I want to create a kind of parser of the form:
#include <iostream>
#include <string>
#include <sstream>
#include <cctype>
using namespace std;
bool isValid(istringstream& is)
{
char ch;
is.get(ch); //I know get(ch) is a good start but this is as for as I got :)
.......
....
}
int main()
{
string s;
while(getline(cin,s))
{
istringstream is(s);
cout<<(isValid(is)? "Expression OK" : "Not OK")<<endl;
}
}
A boolean function that returns TRUE if the sequence of char is of the form "5" or "(5+3)" or "((5+3)+6)" or "(((4+2)+1)+6)" ...etc and FALSE for any other case
Basically, an expression will be considered as valid if it is either a single digit or of the form "open parenthesis-single digit-plus sign-single digit-close parenthesis"
Valid Expression = single digit
and
Valid Expression = (Valid Expression + Valid Expression)
Given that there is no limit to the size of the above form (number of opening and closing parenthesis..etc.) I'd like to do that using recursion
Being the newbie that I am.. Thank you for any helpful input!
To do a recursive solution you're gonna want to read the string into a buffer first, then do something like this:
int expression(char* str) {
if (*str == '(') {
int e1 = expression(str + 1);
if (e1 == -1 || *(str + 1 + e) != '+') {
return -1;
}
int e2 = expression(str + 1 + e + 1);
if (e2 == -1 || *(str + 1 + e + 1 + e2) != ')') {
return -1;
}
return 1 + e1 + 1 + e2 + 1;
}
if (*str >= '0' || *str <= '9') {
return 1;
}
return -1;
}
bool isvalid(char* str) {
int e1 = expression(str);
if (e1 < 0) {
return false;
}
if (e1 == strlen(str)) {
return true;
}
if (*(str + e1) != '+') {
return false;
}
int e2 = expression(str + e1 + 1);
if (e2 < 0) {
return false;
}
return (e1 + 1 + e2 == strlen(str));
}
Basically, the expression function returns the length of the valid expression at it's argument. If it's argument begins with a parenthesis, it gets the length of the expression after that, verifies the plus after that, then verifies the closing parenthesis after the next expression. If the argument begins with a number, return 1. If something is messed up, return -1. Then using that function we can figure out whether or not the string is valid by some sums and the length of the string.

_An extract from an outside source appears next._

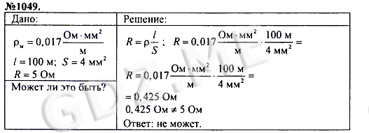 Подробный вариант решения из решебника (ГДЗ): Номер номер 1049 (НОМЕРА РЕШЕНИЙ) по предмету Физика, за 7 класс, авторы учебника А.В. Пёрышкин.

I haven't tested the function at all, but the only case this might fail in that I can think of would be excessive parenthesis: ((5)) for example.
An alternative to recursion could be some sort of lexical parsing such as this:
enum {
ExpectingLeftExpression,
ExpectingRightExpression,
ExpectingPlus,
ExpectingEnd,
} ParseState;
// returns true if str is valid
bool check(char* str) {
ParseState state = ExpectingLeftExpression;
do {
switch (state) {
case ExpectingLeftExpression:
if (*str == '(') {
} else if (*str >= '0' && *str <= '9') {
state = ExpectingPlus;
} else {
printf("Error: Expected left hand expression.");
return false;
}
break;
case ExpectingPlus:
if (*str == '+') {
state = ExpectingRightExpression;
} else {
printf("Error: Expected plus.");
return false;
}
break;
case ExpectingRightExpression:
if (*str == '(') {
state = ExpectingLeftExpression;
} else if (*str >= '0' && *str <= '9') {
state = ExpectingEnd;
} else {
printf("Error: Expected right hand expression.");
return false;
}
break;
}
} while (*(++str));
return true;
}
That function's not complete at all, but you should be able to see where it's going. I think the recursion works better in this case anyways.